Task instructions >>
Exactly the lines from the beginning of the records below through the line with "Für kleinere Hunde" must be given again, without pictures.

Input >>

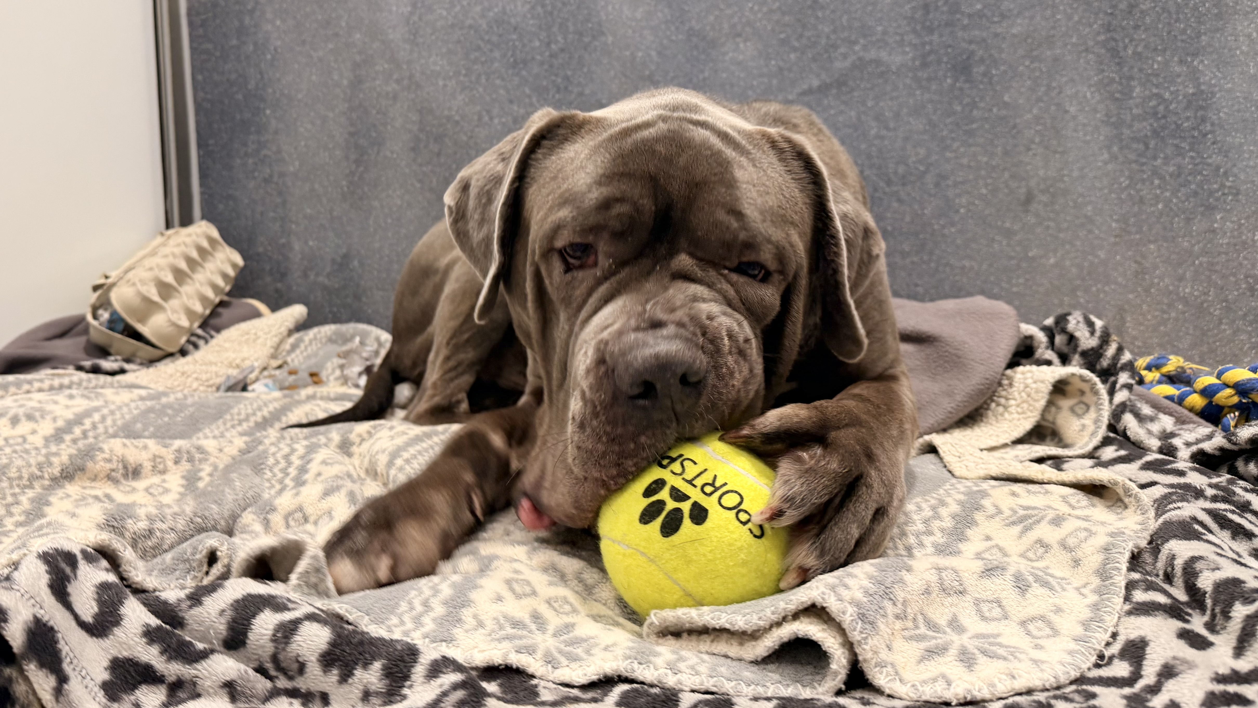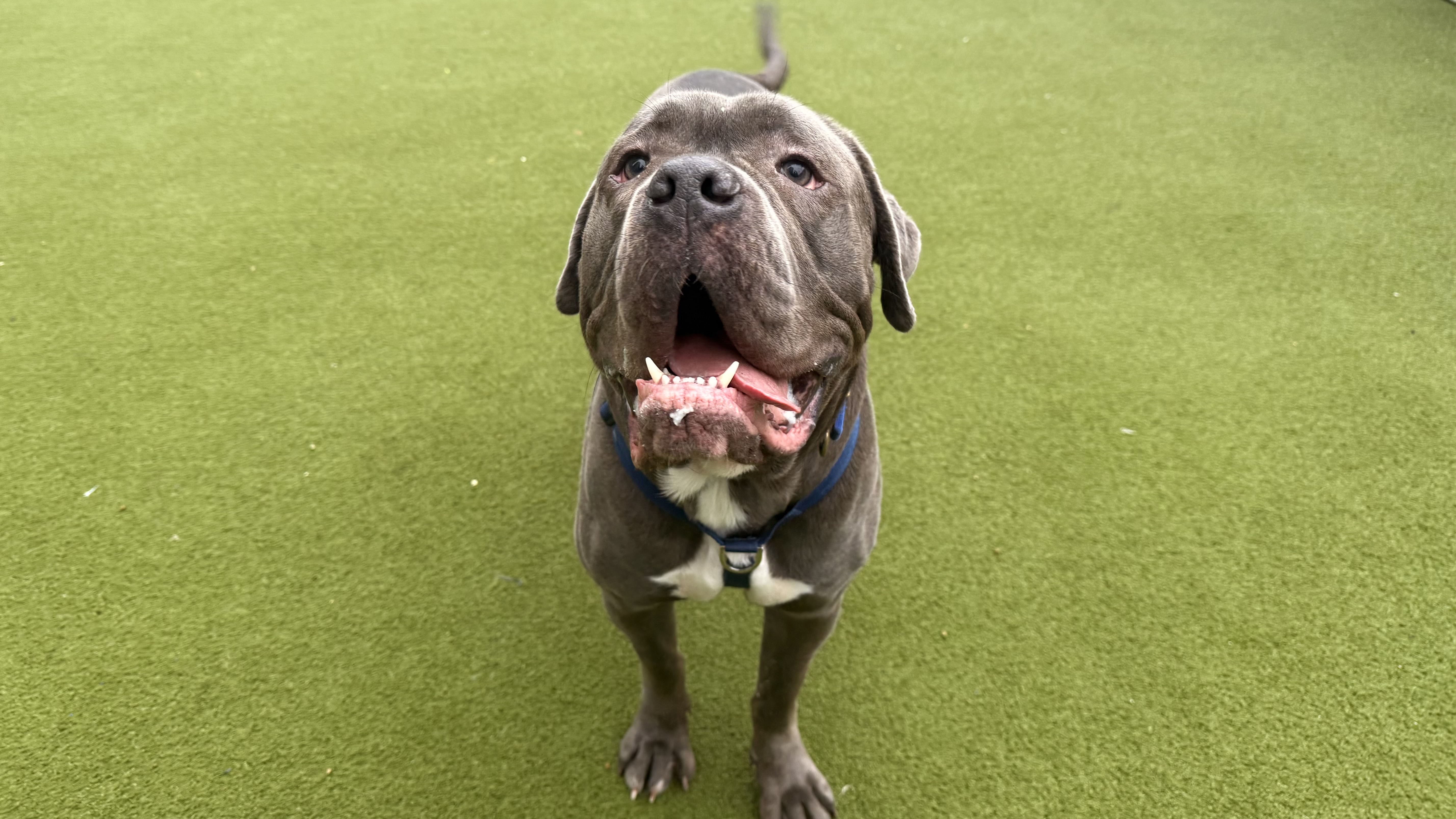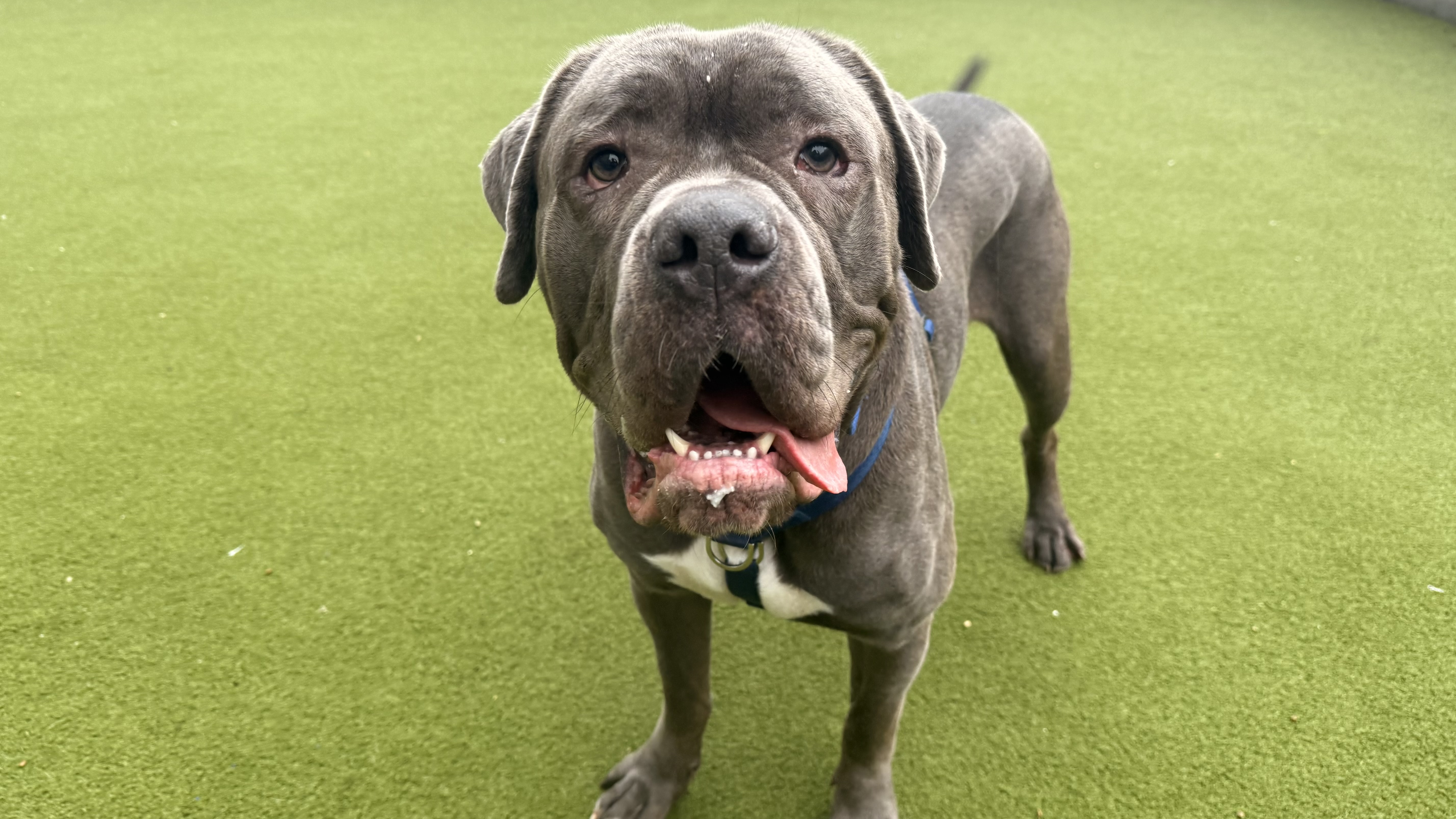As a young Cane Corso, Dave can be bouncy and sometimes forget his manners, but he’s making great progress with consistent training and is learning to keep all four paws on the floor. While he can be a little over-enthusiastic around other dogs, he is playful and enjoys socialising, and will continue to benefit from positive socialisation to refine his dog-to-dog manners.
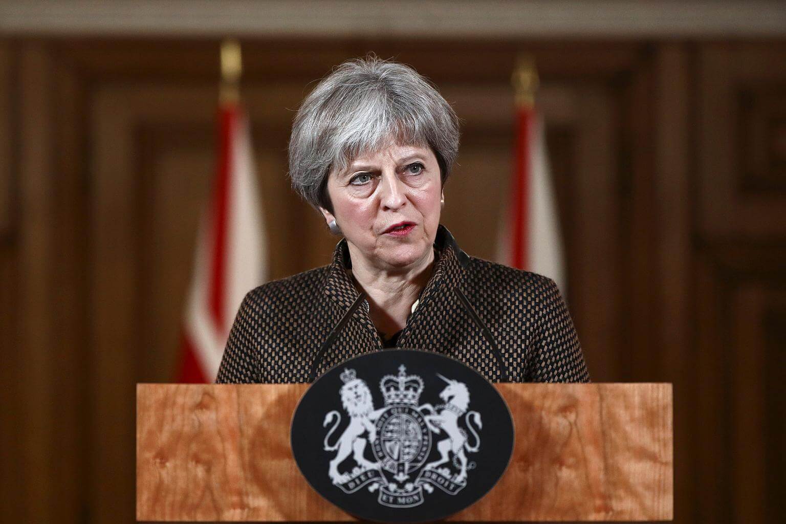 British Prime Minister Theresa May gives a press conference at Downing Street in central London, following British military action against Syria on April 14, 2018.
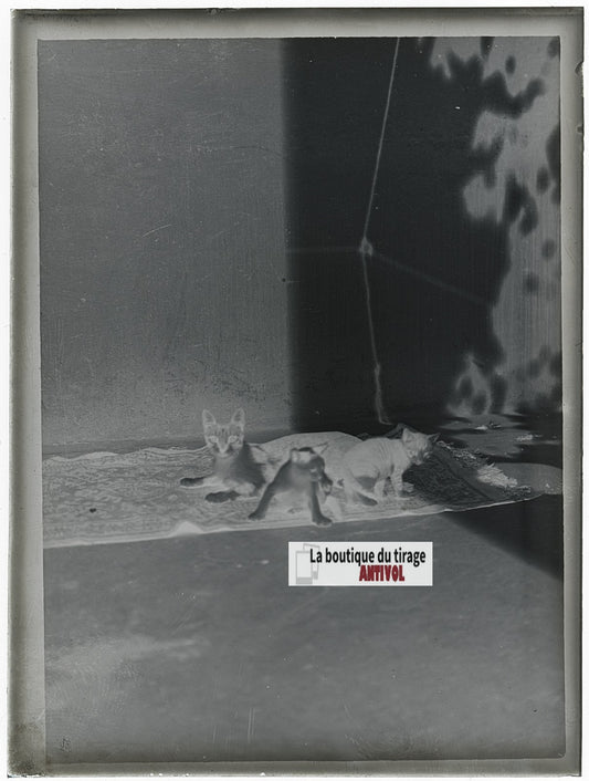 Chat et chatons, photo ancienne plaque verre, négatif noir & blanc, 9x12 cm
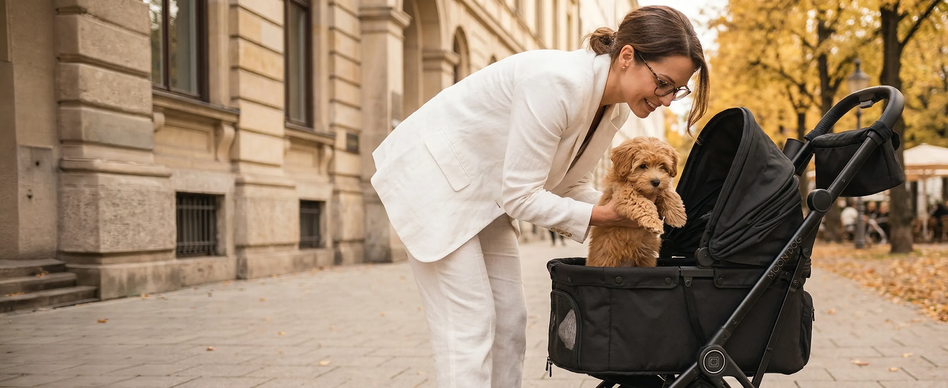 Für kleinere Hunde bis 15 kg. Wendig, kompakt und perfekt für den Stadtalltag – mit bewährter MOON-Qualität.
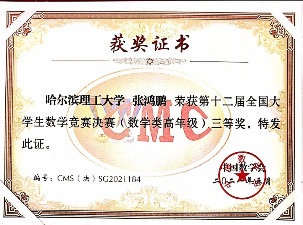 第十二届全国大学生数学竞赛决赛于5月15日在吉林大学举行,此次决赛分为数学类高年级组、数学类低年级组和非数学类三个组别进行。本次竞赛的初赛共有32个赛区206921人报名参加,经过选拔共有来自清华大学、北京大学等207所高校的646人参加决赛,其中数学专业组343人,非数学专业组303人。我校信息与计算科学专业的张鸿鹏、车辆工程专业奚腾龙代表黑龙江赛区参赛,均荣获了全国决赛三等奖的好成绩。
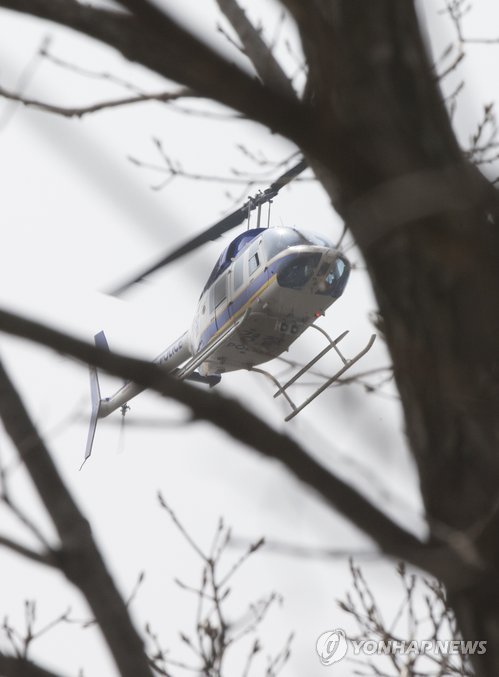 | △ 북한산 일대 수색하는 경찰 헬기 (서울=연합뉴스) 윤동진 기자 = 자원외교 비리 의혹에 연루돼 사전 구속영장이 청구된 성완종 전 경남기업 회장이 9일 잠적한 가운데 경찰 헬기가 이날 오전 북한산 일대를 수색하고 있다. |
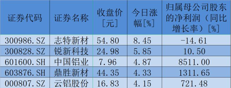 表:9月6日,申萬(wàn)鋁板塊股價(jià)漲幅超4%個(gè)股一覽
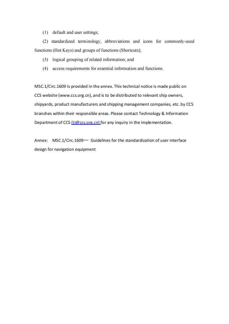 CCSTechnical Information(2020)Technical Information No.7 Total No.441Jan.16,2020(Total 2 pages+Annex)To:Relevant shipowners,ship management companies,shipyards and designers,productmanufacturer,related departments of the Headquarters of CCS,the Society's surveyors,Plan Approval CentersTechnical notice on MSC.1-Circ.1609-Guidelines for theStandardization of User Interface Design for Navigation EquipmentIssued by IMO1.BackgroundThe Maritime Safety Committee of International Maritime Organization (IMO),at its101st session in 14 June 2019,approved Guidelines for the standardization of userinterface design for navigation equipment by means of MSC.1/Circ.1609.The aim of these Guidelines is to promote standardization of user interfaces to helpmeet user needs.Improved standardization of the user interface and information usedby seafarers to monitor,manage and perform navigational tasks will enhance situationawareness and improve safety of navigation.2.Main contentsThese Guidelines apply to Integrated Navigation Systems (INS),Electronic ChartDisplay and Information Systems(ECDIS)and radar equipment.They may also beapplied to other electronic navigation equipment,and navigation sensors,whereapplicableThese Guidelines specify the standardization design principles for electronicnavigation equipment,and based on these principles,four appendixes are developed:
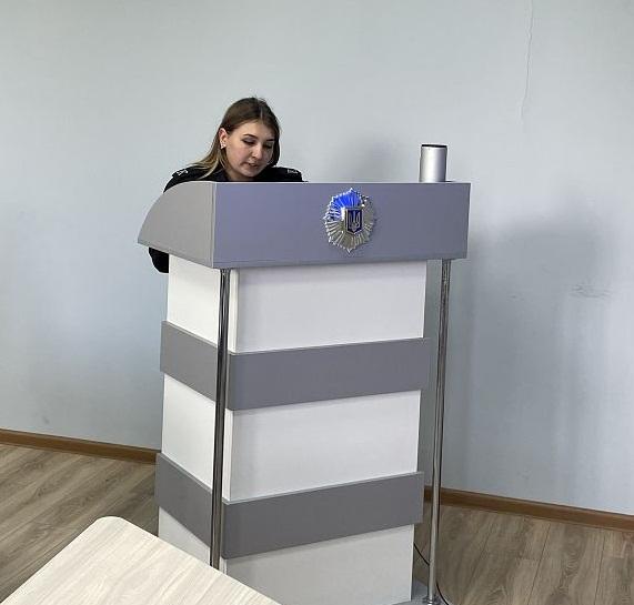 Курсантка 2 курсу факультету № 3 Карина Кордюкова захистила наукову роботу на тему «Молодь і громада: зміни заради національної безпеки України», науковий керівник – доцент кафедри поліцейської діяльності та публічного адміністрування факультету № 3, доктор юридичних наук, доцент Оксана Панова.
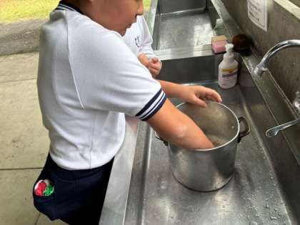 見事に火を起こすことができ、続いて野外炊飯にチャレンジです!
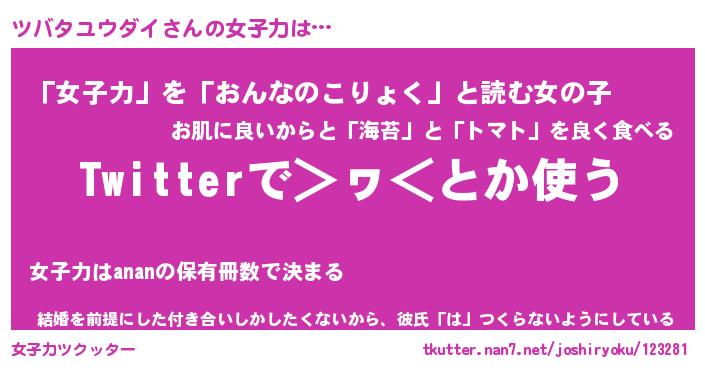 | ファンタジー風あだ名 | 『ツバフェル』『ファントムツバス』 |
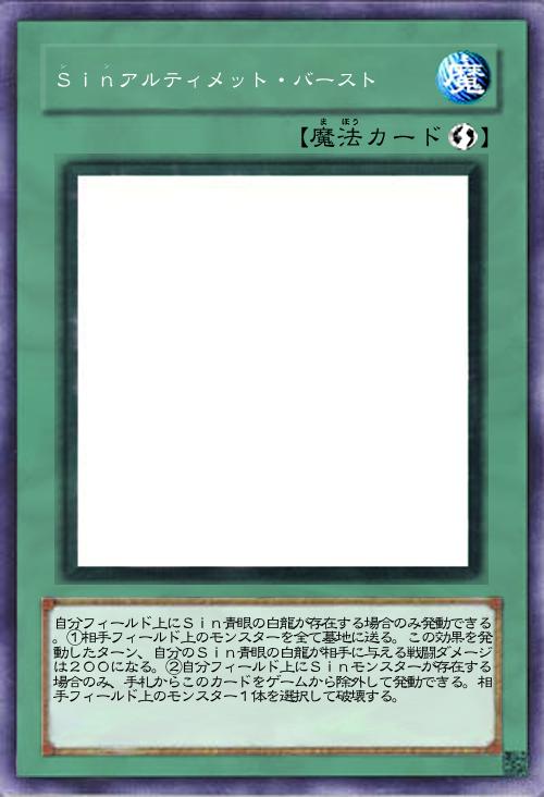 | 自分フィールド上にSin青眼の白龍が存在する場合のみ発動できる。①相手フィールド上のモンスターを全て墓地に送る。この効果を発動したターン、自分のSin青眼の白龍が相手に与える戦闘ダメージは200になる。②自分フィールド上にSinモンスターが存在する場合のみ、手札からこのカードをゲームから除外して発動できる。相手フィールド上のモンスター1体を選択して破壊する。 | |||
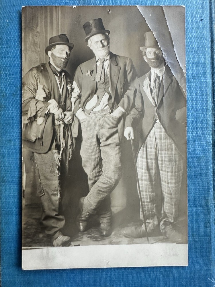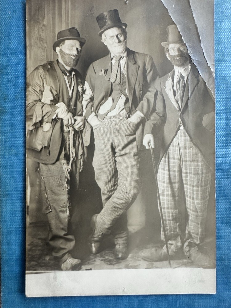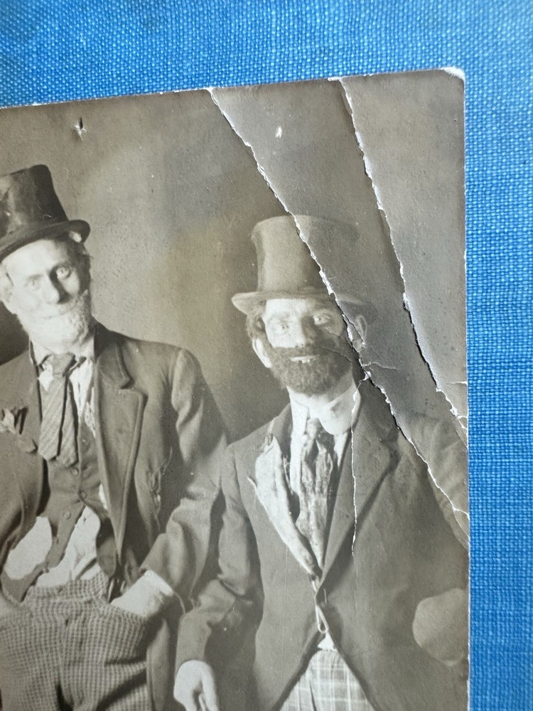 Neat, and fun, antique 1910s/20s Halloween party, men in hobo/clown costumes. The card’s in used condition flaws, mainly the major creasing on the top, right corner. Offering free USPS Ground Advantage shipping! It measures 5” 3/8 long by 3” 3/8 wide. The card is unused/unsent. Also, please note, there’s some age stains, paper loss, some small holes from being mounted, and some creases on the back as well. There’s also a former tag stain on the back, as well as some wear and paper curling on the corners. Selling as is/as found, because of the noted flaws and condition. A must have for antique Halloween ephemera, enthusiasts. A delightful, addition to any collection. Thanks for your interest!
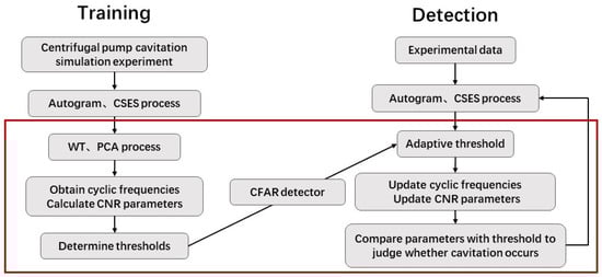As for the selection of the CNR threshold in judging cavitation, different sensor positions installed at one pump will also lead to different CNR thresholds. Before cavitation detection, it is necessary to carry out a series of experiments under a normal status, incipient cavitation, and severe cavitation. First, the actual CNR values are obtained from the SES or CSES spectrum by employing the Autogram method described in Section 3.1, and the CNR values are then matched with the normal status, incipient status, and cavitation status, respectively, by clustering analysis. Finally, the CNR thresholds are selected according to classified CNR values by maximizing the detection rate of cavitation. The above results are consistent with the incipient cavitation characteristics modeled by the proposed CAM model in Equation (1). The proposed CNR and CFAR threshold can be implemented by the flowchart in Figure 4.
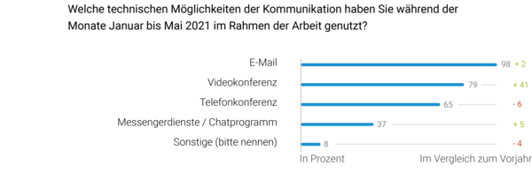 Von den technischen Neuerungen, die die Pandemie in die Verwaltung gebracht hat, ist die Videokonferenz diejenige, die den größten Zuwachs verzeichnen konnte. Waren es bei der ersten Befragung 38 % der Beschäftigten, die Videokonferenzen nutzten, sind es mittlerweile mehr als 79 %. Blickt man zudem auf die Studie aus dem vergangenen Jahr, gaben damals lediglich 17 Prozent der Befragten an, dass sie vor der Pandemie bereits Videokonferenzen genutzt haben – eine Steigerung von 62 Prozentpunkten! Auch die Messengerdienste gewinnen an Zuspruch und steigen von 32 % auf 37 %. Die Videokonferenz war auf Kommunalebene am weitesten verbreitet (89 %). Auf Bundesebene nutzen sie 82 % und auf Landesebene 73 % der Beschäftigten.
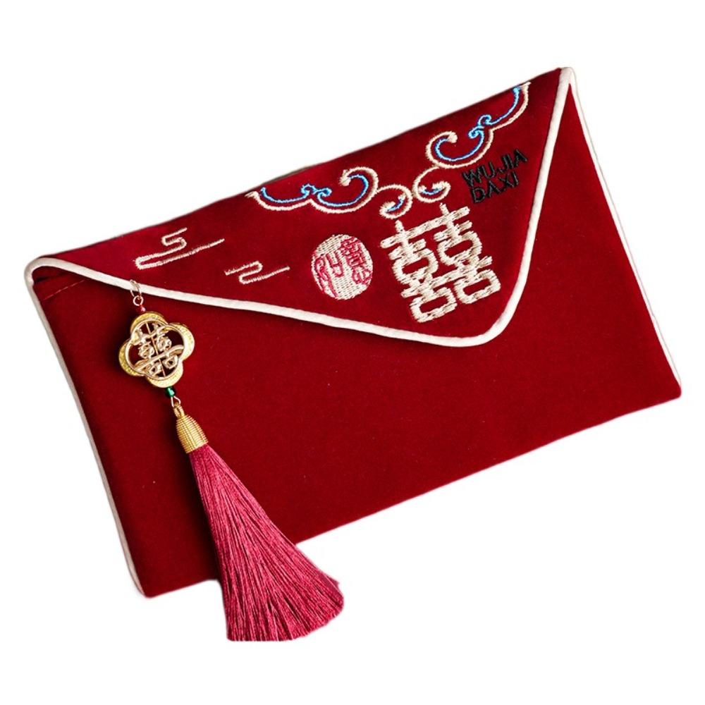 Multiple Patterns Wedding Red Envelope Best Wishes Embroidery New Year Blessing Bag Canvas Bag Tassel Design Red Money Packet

Your response >>
As a young Cane Corso, Dave can be bouncy and sometimes forget his manners, but he’s making great progress with consistent training and is learning to keep all four paws on the floor. While he can be a little over-enthusiastic around other dogs, he is playful and enjoys socialising, and will continue to benefit from positive socialisation to refine his dog-to-dog manners.
 British Prime Minister Theresa May gives a press conference at Downing Street in central London, following British military action against Syria on April 14, 2018.
 Chat et chatons, photo ancienne plaque verre, négatif noir & blanc, 9x12 cm
 Für kleinere Hunde bis 15 kg. Wendig, kompakt und perfekt für den Stadtalltag – mit bewährter MOON-Qualität.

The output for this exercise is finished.